The X-ray process was identified as one of the bottlenecks in completing the sepsis resuscitation bundle within a six-hour time frame for patients suffering from blood poisoning.
Blood poisoning, known as sepsis, is the most common cause of death in intensive care units, according to the National Institutes of Health. The body’s immune response to fight the infection triggers inflammation that restricts blood flow and leads to multiple organ failure. The healthcare team’s goal is to return the patient’s central venous oxygen saturation level to at least 70 percent within six hours or less, explains professor Huitian Lu of the South Dakota State University. If that doesn’t happen, “the patient mortality will be high—the first six hours are critical.”
Health care professionals recommend completing a series of care processes called the sepsis resuscitation bundle within six hours after diagnosis. However, only half of the sepsis patients receive all elements of care needed within the recommended six-hour window, according to a study conducted Dr. Yue Dong and Dr. Ognjen Gajic of the Mayo Clinic College of Medicine in Rochester, Minn.
Lu collaborated with the researchers through the Mayo Clinic Multidisciplinary Simulation Center and the Multidisciplinary Epidemiology and Translational Research in Intensive Care group to identify bottlenecks in the sepsis resuscitation delivery process.
Lu worked with Dong and Gajic to analyze the problems from a system design perspective considering factors such as scheduling and workflow, rather than solely focusing on treatment itself.
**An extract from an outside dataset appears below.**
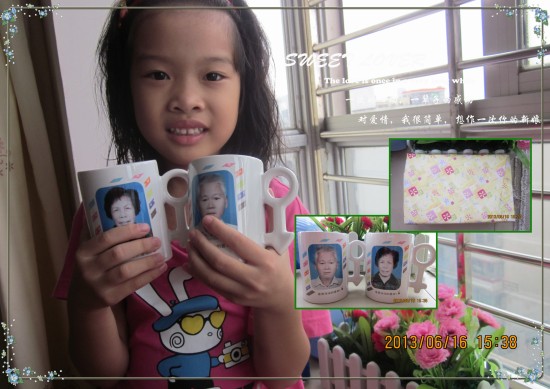 思思聽說我要送杯子給外公外婆,還鬧著非要自己親自動手把杯子用彩紙包好,說要親自送給外公外婆。我笑著說父親節你應該送禮物給你爸爸,我送我爸爸,你干嘛要和我搶呀。

Then he applied root cause analysis to examine the existing processes and identify sources of delays.
“This is a statistical methodology used in systems engineering, which I am applying to healthcare delivery operations,” Lu says.
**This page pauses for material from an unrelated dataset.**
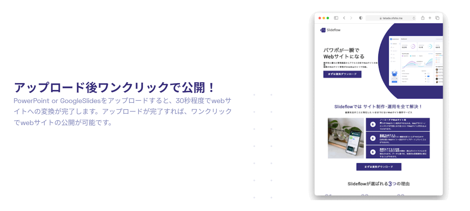 Slideflowは、PowerPointやGoogleスライドをアップロードするだけで、HTML/CSSへ自動で変換され、ワンクリックでWebサイトとして公開可能です。面倒なコーディングは一切不要で、誰でも簡単に本格的なホームページが作成できます。リンク設定やエフェクトも直感的に操作でき、プレゼン資料からすぐにサイトへ転用できるため、業務効率が大幅に向上します。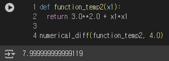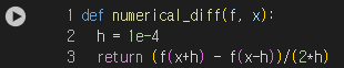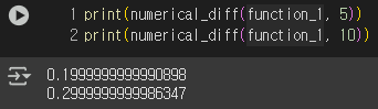 - 아주 작은 값을 주었을 때의 차분으로 미분하는 것을 수치 미분이라고 한다.

The researchers used data from 600 sepsis cases and examined 15 key processes within the sepsis resuscitation bundle. They relied on observations, electric medical records with time stamps and the provider’s best estimation to determine how much time each task consumed.
Using these numbers, the researchers built a computer model which they verified using real data. “It was not perfect because we lacked detailed process data, but it was good enough for the statistical analysis we were doing,” Lu says.
Through discrete event simulation, Lu pinpointed the tasks that took the most time. His simulations showed that bottlenecks occurred with X-ray, lab work and placement of a catheter into a central vein, usually in the neck. For example, 20 minutes could be saved by having an experienced critical care fellow insert the catheter.
Based on his analysis, Lu reported that changes in six areas may reduce the total average patient treatment time by 31.8 percent, improving the sepsis resuscitation bundle compliance rate from 50 to 71 percent.
“Completing the procedures in six hours will give the patients the best chance of survival,” Lu points out. But unlike a manufacturing situation, the outcome also depends on many unpredictable individual patient variables.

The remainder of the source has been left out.